The BECN1-BCL2 complex regulates insulin secretion and storage in mice

Kenta Kuramoto 1, Congcong He 1,
PMCID: PMC6152506  PMID: 30081744

ABSTRACT

Macroautophagy/autophagy abnormality has been recently associated with metabolic disorders, such as type 2 diabetes (T2D). However, the effect of autophagy activation in systemic energy metabolism was poorly understood. In our recent study, we demonstrated that autophagy plays different roles in distinct metabolic tissues, using an autophagy-hyperactive mouse model. In insulin-producing β cells, excess autophagy degrades insulin-containing vesicles (a process termed vesicophagy), resulting in decreased insulin contents and systemic glucose intolerance; whereas in insulin-responsive cells, activating autophagy decreases endoplasmic reticulum (ER) stress and improves insulin sensitivity.
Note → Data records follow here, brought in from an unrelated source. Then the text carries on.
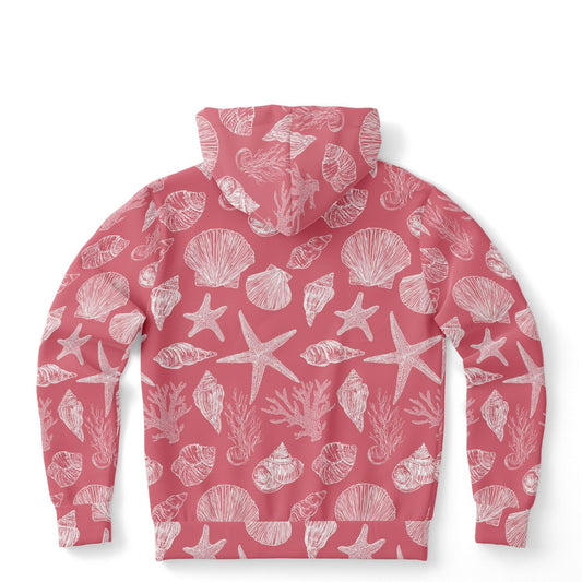 Coral Pink Beach Hoodie, Ocean Sea Shells Star Pullover Men Women Adult Graphic Cotton Hooded Sweatshirt with Pockets Designer Plus Size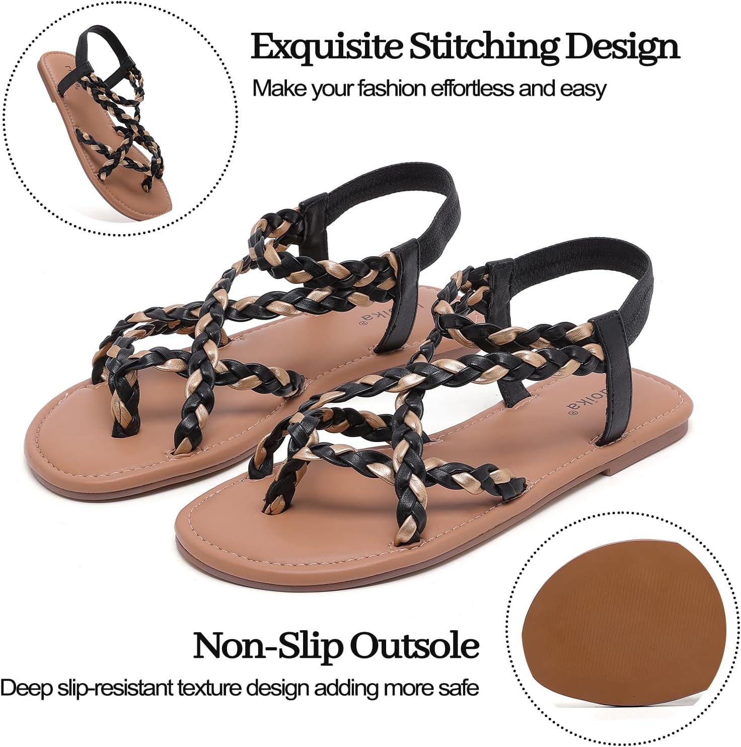 Luoika Women’s Wide Width Flat Sandals, Flip Flop Casual Strapy Sandals Slip on Summer Beach Shoes for Women.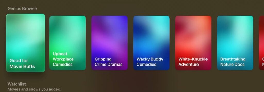 Aprovechando el mecanismo de la función Genius de iTunes o de las recomendaciones «Hecho para ti» en Apple Music, Genius Browse ofrece recomendaciones de programas de televisión y películas a los usuarios. Para poder verlo, está disponible desplazándose hacia abajo en la pestaña Inicio en la aplicación de TV, Podrás ver una variedad de categorías como «Bueno para una cita nocturna» o «Basado en un libro». Estas categorías se actualizan regularmente, y cada una ofrece una lista de títulos para que las revises.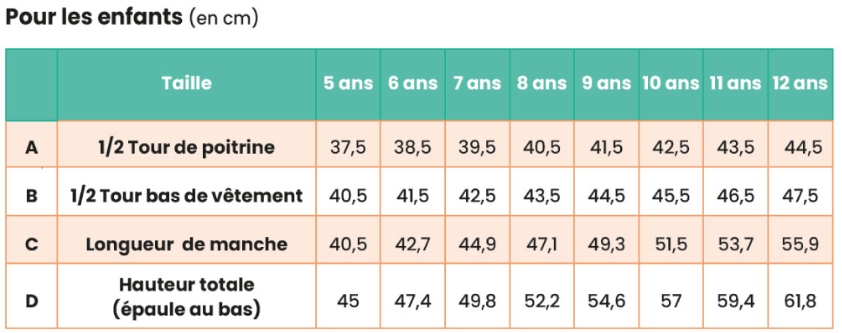 Le patron est disponible pour bébé (1 mois - 4 ans), enfant (5 - 12 ans), femme (32 - 52), homme (XS - XXL).

KEYWORDS: β cell, BECN1, ER stress, insulin granules, insulin sensitivity, type 2 diabetes, vesicophagy


Type 2 diabetes (T2D) is characterized by hyperglycemia resulting from an inability of pancreatic β cells to secrete enough insulin to compensate for insulin resistance in insulin-responsive organs, including liver, muscle, and adipose tissue. In the past decade, a growing body of evidence indicates that dysfunction of autophagy is linked to metabolic disruption and the etiology of T2D. For example, β cell-specific knockout (KO) of Atg7 (autophagy related 7) in mice results in decreased β cell mass, aberrant islet morphology, and glucose intolerance under either regular diet (RD) or high-fat diet (HFD) feeding conditions, suggesting that basal autophagy is required for the maintenance of β cell function. However, the results are largely based on the loss of function of basal autophagic activity, and metabolic effects of constitutive autophagy activation were still unknown. Furthermore, tissue-specific requirement of autophagy activity in metabolic regulation among different cell types, such as insulin-secreting β cells versus insulin-responsive cells, was poorly understood. To address these questions, we sought to utilize a genetic model of hyperactive autophagy [1], because currently known pharmacological autophagy inducers also regulate other pathways and are not specific to autophagy. The model we chose is the BECN1F121A knockin mouse line we recently generated, carrying a single amino acid substitution of Phe by Ala in the BH3 domain of the essential autophagy protein BECN1. This BECN1F121A point mutation leads to dissociation of BECN1 from its inhibitor, BCL2, resulting in constitutive activation of autophagy systemically, as evidenced by the GFP-LC3 puncta number, LC3-II levels, and SQSTM1/p62 levels.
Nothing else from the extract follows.